A guardian from the terrors of time or an impudent marauder of nature? The benefits and drawbacks of this unique and ubiquitous material put humanity in a conundrum.

“A single stone mass, impregnable to the waves and every day stronger”

~ Pliny, The Elder

We have an innate tendency to seek stability, and the solidity of concrete is what makes us attached to it. Humanity’s need for shelter, services and more get effectively secured with strong concrete structures. A million years from now, when all the steel we used to build our world has rusted through, and the wood has rotted into dust, it’s concrete that will remain.1

The principal reason why concrete has an edge over other materials is that it receives its characteristics from multiple elements. Modify the proportions, and something new gets created. From fly ash, sawdust, and industrial hemp, to iron rebars and glass fibers, concrete can be formulated to produce the desired qualities according to the project and context. Reinforced cement concrete, in particular, has enabled artists and architects to mold a form of their desire, not disconcerted about the failure of bringing their unconventional imagination to life.

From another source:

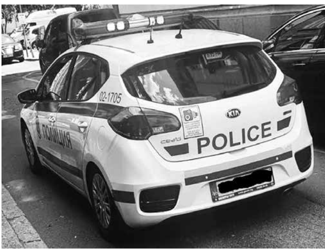
Патрули по централните улици биха били решение за разгонването на просещите

There can be no denying that concrete has changed the fabric of our existence. It has always been the fuel for ambitious minds to make a mark of permanence for generations to come, be it the Romans, colonists, the Industrial Revolution, or modern architecture, it has been a game-changer in history.

“Finding solitude in concrete jungles is powerful and peaceful”

~ Michael Dolan


More than half of today’s urban city infrastructure uses concrete. A city whose architecture has made it part of the global market and continues to be special in the hearts of its people is aamchi Mumbai.

The earliest use of concrete in the commercial capital of India can be traced back to when “Mumbai'' was “Bombay”. Some of the iconic sites and landmarks, from the waterfronts of Bandra-Worli to Colaba’s welcoming Gateway, have all been fabricated in concrete. The Art Deco or ‘Bombay Deco’ which emerged in the early 1930s flaunted a new style of architecture in South Bombay which used concrete along with other indigenous materials to create a new identity for the elite of the city. Marine Drive, the ‘Queen’s Necklace’, is adorned with colorful apartment buildings with curved corners and exotic motifs flowing along the sweeping promenade of the Arabian Sea. The use of cantilevers and balconies was a prominent addition which was possible due to the sculpting ability of concrete.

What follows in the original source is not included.